Les durées, elles, servent de garde-fou. Un carré de 600 g atteint le rosé vers 18 à 20 minutes à 200 °C, un carré de 800 g vers 20 à 25 minutes, un carré d’un kilo vers 25 à 30 minutes. Ajoutez cinq minutes environ pour une cuisson à point.
Le repos, puis la découpe entre les manches
Laissez reposer le carré 5 à 10 minutes hors du four, sous une feuille d’aluminium posée sans serrer, sur une planche tiède. Les fibres se détendent et le jus se redistribue dans toute la noix. Trancher aussitôt sorti revient à vider la viande de ce jus sur la planche.
La découpe suit ensuite la logique de la pièce. Posez le carré manches vers vous, glissez la lame entre deux os et descendez d’un geste continu jusqu’à l’échine.

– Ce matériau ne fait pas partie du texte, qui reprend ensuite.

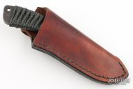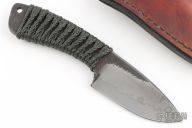 This knife from Matt Lamey features a forge finished blade with swedge and hamon, .241" blade stock and 1.352" blade depth, full tang construction. The handle is comprised of epoxied cord wrap. Lanyard hole in pommel. Includes a brown leather sheath. Excellent condition.
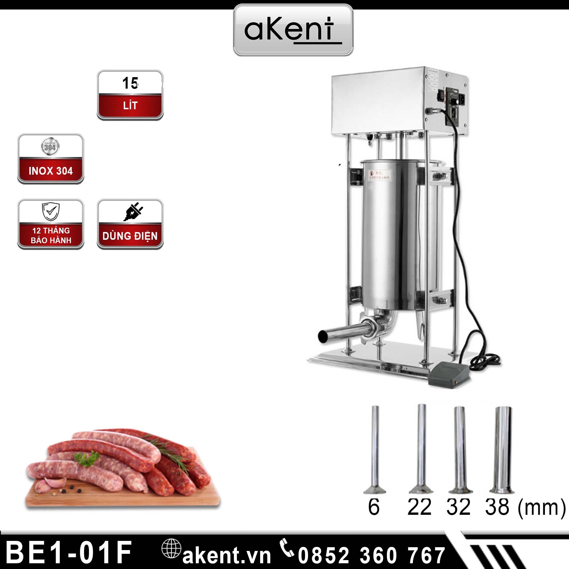 Máy đùn xúc xích tự động 15l có 5 cỡ ống đùn: 10mm, 15mm, 25mm, 30mm, 35mm phục vụ các nhu cầu đa dạng của người dùng. Ngoài việc sử dụng để làm xúc xích, máy còn được ứng dụng để làm lạp xưởng, nem,…

Vous obtenez des côtes individuelles, une ou deux par coupe selon l’épaisseur souhaitée. Pour un service plus chic, détachez la noix entière de l’os et taillez-la en médaillons réguliers.
Pendant le repos, déglacez le plat au vin blanc ou à l’eau chaude, grattez les sucs, écrasez l’ail confit dans le jus et montez au beurre froid. Cette sauce minute naît de la viande elle-même, sans fond ni liaison.

Les erreurs qui gâchent un carré
La plus fréquente : le four trop doux. À 160 ou 170 °C, la pièce cuit avant de colorer, le gras reste blanc et mou, la croûte n’existe pas. Un carré demande une chaleur vive et une cuisson brève, à l’inverse d’une grosse pièce conduite en douceur comme dans notre méthode pour réussir un rôti au four.
Deuxième faute : la sonde plantée contre l’os. L’os conduit la chaleur plus vite que la chair et affiche cinq à dix degrés de trop, ce qui pousse à sortir un carré encore cru au centre.
Autre point : la croûte d’herbes posée trop tôt. Vingt minutes à 200 °C suffisent à la carboniser, et la chapelure brûlée gâche le goût du jus. Elle arrive en fin de parcours, jamais au départ.
Enfin, le carré oublié dans un four éteint mais chaud continue de cuire. Sortez-le, posez-le sur une planche à l’air libre, et acceptez qu’il tiédisse un peu : un agneau rosé servi tiède vaut mieux qu’un agneau brûlant et gris. Et si le carré se retrouve détaillé en côtes avant cuisson, changez de méthode : la poêle brûlante et les deux minutes par face décrites dans notre cuisson des côtes d’agneau prennent alors le relais du four.
Prochaine étape : commandez un carré de huit côtes manches grattés, notez le poids exact et le temps réel qu’il a demandé dans votre four. Deux essais suffisent à caler la durée qui donnera le même rosé à chaque fois.